Few believe that the current Russian plan has the slightest possibility of working. On Oct. 5, with the major serious contender, the formerly elected president Aslan Maskhadov, forbidden from entering the country, Moscow's quisling Chechen candidate, Akhmad Kadyrov, will surely be "elected."

"This entire policy," says a Western diplomatic observer, "overlooks the fact that they have not eliminated terrorism over all these years, nor have the Russians found a way of communicating with them. I don't see any process under way that will deal with it. It's being spun, not fixed; and in fact, this is still another of these processes in the world that is being radicalized, while Moscow hides its head in the sand trying to pretend that everything's OK."

The Russian-Chechnyan conflict is not quite so clear, morally or physically, as the Putin government would like it to appear.

The Chechens, a Caucasus Mountain people who did not eagerly bow to communism, were deported to the east by Stalin and brutalized horribly. When they returned to their historical home in the Caucasus after the death of the Soviet Union, Chechen militants began a fruitless, but courageous, war for independence from "the center" in Moscow, which soon degenerated into a war of brigands, warlords and kidnappings that finally was taken over by Arab and Afghan terrorists.

The first war, from 1994 to 1996, was fought almost entirely by Chechen militants for a Chechen cause; the second one, from 1999 to today, has seen the massive influx of foreigners that one could reasonably call terrorists from Afghanistan, Saudi Arabia and other Middle Eastern states.

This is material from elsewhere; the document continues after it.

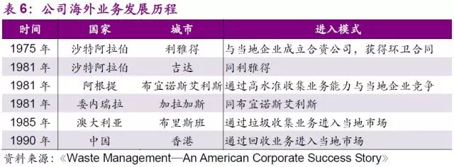 在美國(guó)成功擴(kuò)張的同時(shí),WMI也抓住了在國(guó)際市場(chǎng)上發(fā)展的機(jī)遇。1975年,公司通過與當(dāng)?shù)仄髽I(yè)成立合資公司的方式,成功的打開了沙特首都利雅得的環(huán)衛(wèi)市場(chǎng),這也是世界上第一個(gè)跨國(guó)的環(huán)衛(wèi)合同。這個(gè)合同的示范效應(yīng)給了WMI世界范圍的關(guān)注。1980年,公司先后成功進(jìn)入了阿根廷、委內(nèi)瑞拉、澳大利亞、部分歐洲國(guó)家,以及香港的危廢及環(huán)衛(wèi)市場(chǎng),并于1990年成為了世界最大的固廢龍頭。

Their cause was larger than fighting for Chechen rights from Moscow — they were fighting to create the first Islamic state, with Sharia law and control of the area's gas and oil riches, out of Chechnya and Dagestan.

Once again, in another part of the world, we see how a country is embracing the internationalization of the terrorism excuse put forward by the United States after 9/11 and by Israel for many years.

The genuine and profound complaints of the Chechens are pushed aside, forgotten, derided; everything bad that happened is now due to international terrorism. Moreover, "terrorists" are not normal human beings who have been traumatized into pathological behavior, but men and women born with such evil. Thus there is no salvation or transformation for them, only annihilation.

This is the American message, too — from Afghanistan and Iraq — and it is not a nice one.